Someone locks the door and he is trapped inside.
A young
girl in Hungary keeps a diary as the horrors begin to close
in on her, and when she is deported to Auschwitz, she hides
it in a chimney.
They both
survive -- somehow -- and marry. For years their son, a young
man born and raised in freedom, longs to know what his parents
endured, what gave them the inner strength to overcome, what
was the source of the superhuman power to maintain their Jewish
spirit, morality, and faith under conditions he could not
even imagine.
“Tell
me, ” he pleads. But they cannot bring themselves to relate
their ordeals -- because to retell them is to relive them.
“Why didn’t you fight back? Why didn’t you escape?” How could
he understand, he and his generation, who never had to fight
or to escape?
Finally
they relent and give us this moving memoir. In reality two
memoirs, because this book tells the stories of two people
living through their separate chapters of the unspeakable
-- and surmounting the insurmountable.
The hero
of this story spent five years, five eternities, in slave
labor camps.
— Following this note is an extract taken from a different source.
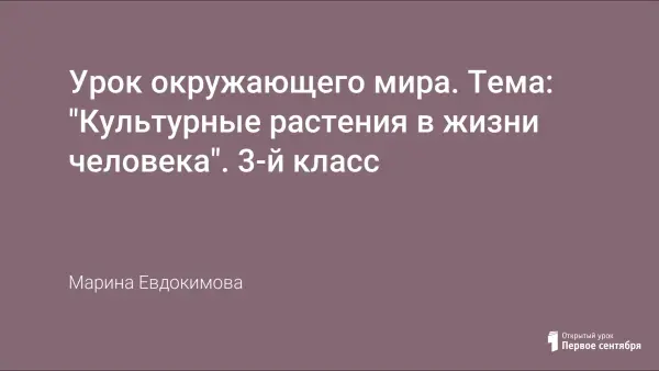 Урок окружающего мира проводится в форме игры "Что? Где? Когда?". Фрагмент урока готовит и проводит учитель ИЗО. Материал урока знакомит учащихся с тем, что культурные растения имеют большое значение для жизни и здоровья человека, знакомит со страничкой истории родного города.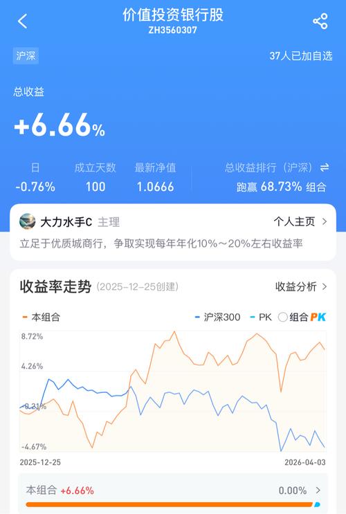 2026年一季度三大指数涨跌不一,其中上证涨幅为-0.48%,深证涨幅0.86%,创业板涨幅为-1.77%,其中楼主重仓的银行股板块涨幅为-0.87%。 楼主账户今年以来涨幅达到12.59%(截止到26年4月4日),跑赢上证涨幅13个点左右,跑赢银行指数13.5个点左右。主要是重仓的青岛银行今年涨幅17.63%,杭州银行涨幅12.46%,齐鲁银行今年涨幅2.49%均实现全面开花。 今年以来,楼主分...

The heroine was thrust into her ordeal in Auschwitz.
She and her mother marched together toward the hated Dr. Mengele;
he motioned the young girl to the right and her mother to
the left. The mother knew what that meant, but the daughter
did not -- and has forever regretted her lost opportunity
to say good-bye.
In the
cattle car to Auschwitz, a rabbi strengthened his fellow prisoners
with the fervent guarantee that Klal Yisrael will outlive
its oppressors. His memorable words left an indelible impression
and proved true.
This touching
book records the emotional outpouring of two people responding
to the inquiries of their son, telling their story, because
otherwise he would never know it -- and it is important that
he know. The same goes for all of us. We all must know.
Sensitively
written by Miriam Dansky,a master of her craft, based on a
manuscript by Mrs. Edith Reifer, this book takes the reader
into the inner psyche of its protagonists and lets us share
their hope, faith -- and, ultimately, their profound success.